Finding their question rather delightful I guess I never really thought that I had to have a plan - although I did have goals.

Since my entire career is based around goals and plans, plans and goals is does seem rather odd that I would not have a plan around my fitness goals.

However, I am also a bit of a creative - well maybe not a bit and there are times where I totally enjoy being a free spirit.

The gym a place were I just kind of let my spirit loose and decide what I am doing based on oh let's say my mood or what kind of music I want to listen to... ooohhh perhaps they caught on to that and I have been official busted. Damn.

In my own defense I had been following my previous trainer's fitness plan and in January of 2010 I had gotten a workout routine from Paul Plakas.

One of the things that Paul Plakas is known for is setting fitness goals.  

My first fitness goal was to wear high heels for one day without falling and breaking my neck.  For some reason he didn’t respond to that one! (Apparently he doesn’t wear heels and he probably didn’t understand the challenges associated with being able to wear them for a WHOLE day!)

The second fitness goal I threw out was to climb Garbage Hill without expiring. Still no response.

My third idea was to bike 24 kms. Still no response.

The fourth was to climb the Turtle’s Back with ease.  That got him excited. Me? Not so much and anyone who has trudge up that crazy hill knows exactly what I am talking about.

This past summer I completed all four. I even exceeded the biking goal, throwing my neck out for a week – but who cared I did it. My niece and nephew along with a couple of their buddies trudged up the Turtle’s Back with me and I appreciated that.  

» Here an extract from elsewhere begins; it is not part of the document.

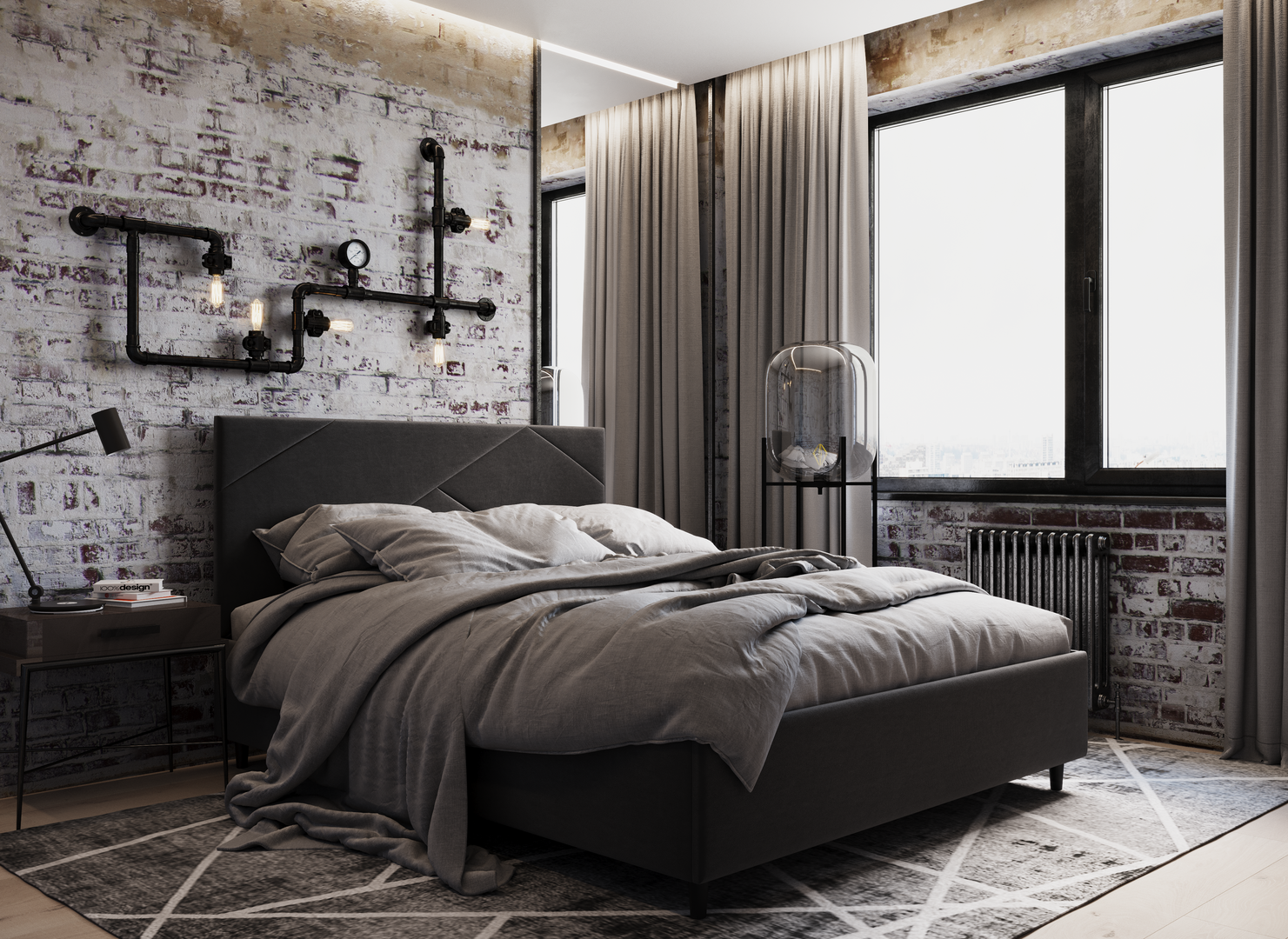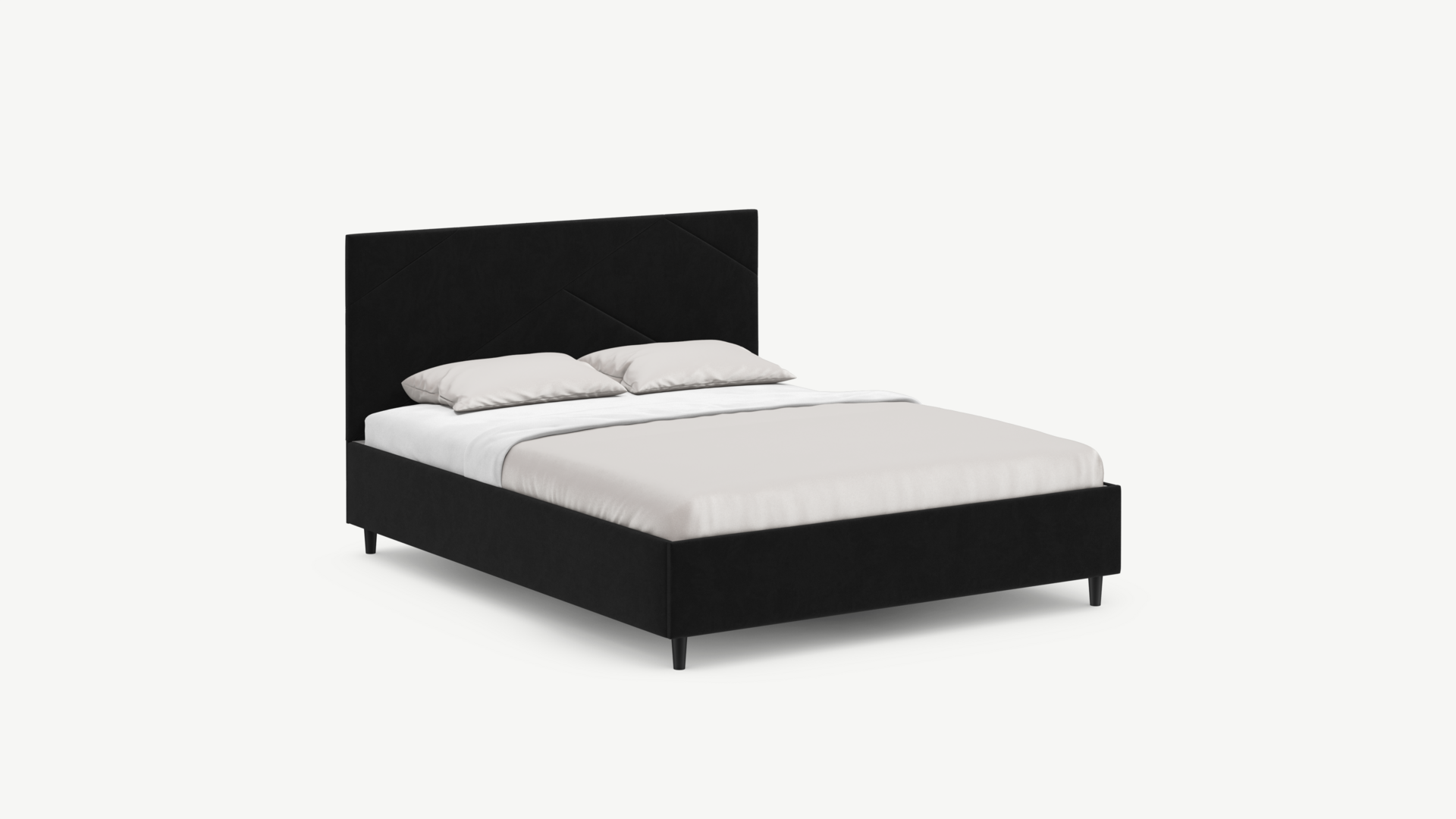 MOON FAMILY 1257 привлекает внимание оригинальным исполнением: широкие полосы ткани эффектно пересекают периметр изголовья, создавая на нем графический орнамент. Лаконичные формы объемных царг создают единый гармоничный образ и фокусируют внимание на центральном текстурном элементе кровати.

All that being said this meant setting a new goal.

I decided that perhaps trying a half marathon would be a good challenge to work towards provided that my knee would hold out and began to arrange my workout to reflect that idea.  

Then my pals at the gym asked me about “my plan” and it got me to thinking.  

Is running a half marathon the right fitness goal for me? Ah, probably not. Maybe there is something else I could take a look at that would be more suitable to my personality.  

And, after thinking about it I have an idea. In the New Year I am going to send out some feelers to see if anyone else may be interested. However, it will require a partner, someone who knows what they are doing, and this time maybe someone a little closer to home.

One of the magical gifts that come with friends and good acquaintances is that they have an amazing ability to keep you on track and in check.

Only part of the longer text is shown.